The Contribution of John Lloyd Stephens to the Rediscovery of Mayan Civilization

John Lloyd Stephens (1805-1852) was an American explorer, government official and amateur archaeologist. His work in Central America is widely credited as being crucial to the rediscovery of Mayan civilization.

According to researcher Joshua J. Mark, Stephens was born in New Jersey in 1805, and initially studied law. However, after a bout of serious illness, he abandoned his practice and took up world travel, ostensibly to improve his health. Initially, Stephens was primarily interested in the Mediterranean and the Middle East, and he eventually made a name for himself by publishing travel books on these regions. While abroad in Europe, Stephens also had what would turn out to be a vitally important meeting with another young world traveller, English artist Frederick Catherwood, who shared many of his interests in ancient history.

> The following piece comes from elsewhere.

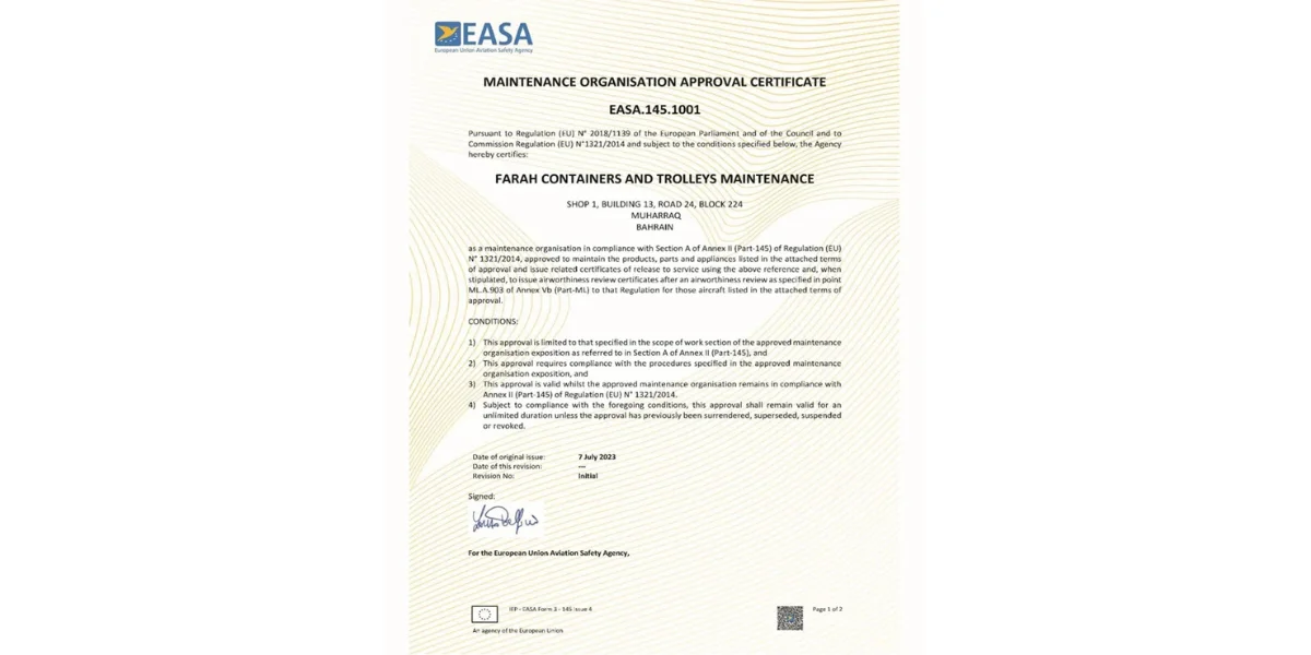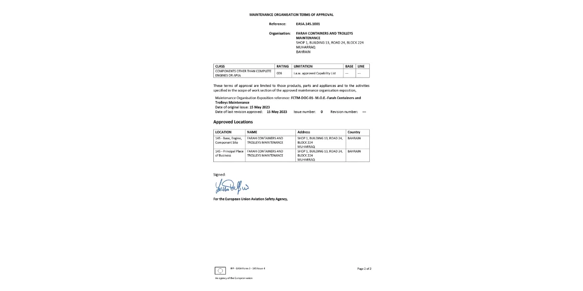 Farah Containers and Trolleys Maintenance (FCTM), established on December 14, 2010, specializes in the repair, assembly, and maintenance of all types of Unit Load Devices (ULDs), including air cargo containers, pallets, and restraining nets for both wide and narrow-body aircraft.

Stephens’ contributions to Mayan archaeology, however, were initially unintended. In 1839, says Mark, American President Martin Van Buren appointed the now well-known Stephens as ambassador to Central America. The job turned out to involve relatively little real work, so in his ample spare time, Stephens and Catherwood resumed their explorations. This time, they hoped to find ruins of ancient temples and pyramids, many of which were unknown to Europeans or Americans but still well-known by local indigenous groups. Stephens knew from Spanish records that there must be numerous large Mayan cities in the Yucatan Peninsula, but found that American and European maps contained no trace of them beyond the occasional reference to rumour or hearsay.

Stephens had no formal training in anthropology and archaeology. Over several years, however, he eagerly explored the region, making contact with locals, paying for information and often buying outright the land on which the ruins were located. His plans were often unclear. Usually, says Joshua Mark, Stephens’ main goal was to write books describing his discoveries. At other times, though, his hopes could be truly grandiose. The ruined city of Copan, Stephens thought, might perhaps be dismantled, moved and reassembled at a large museum somewhere in America.

The grander ideas never came to fruition, but over the coming century, later generations of archaeological researchers would confirm that Stephens’ work was still groundbreaking. In just a few short years of explorations, generally just searching for visible ruins rather than conducting full-scale archaeological digs, Stephens had been able to confirm the existence of a Mayan civilization dating from before the Spanish arrival in the Americas. He had also been able to identify many of the cities, temples and pyramids which had bound that civilization together. Thanks to Stephens, says California anthropologist Brian Fagan, the Mayans had been finally restored from centuries of “reports of mysterious temples deep in the rain forest” back into the civilization which early Spanish observers had believed must have existed.

In addition to Stephens’ own writings about the ruined cities he visited, numerous biographies of Stephens and his colleague Catherwood have been published. Readers who want to learn more about John Lloyd Stephens and his contributions to the rediscovery of Mayan civilization can check out Steven Frimmer’s The Man Who Found The Maya, Peter Koch’s John Lloyd Stephens and Frederic Catherwood: Pioneers of Mayan Archaeology and Victor Wolfgang von Hagen’s Maya Explorer.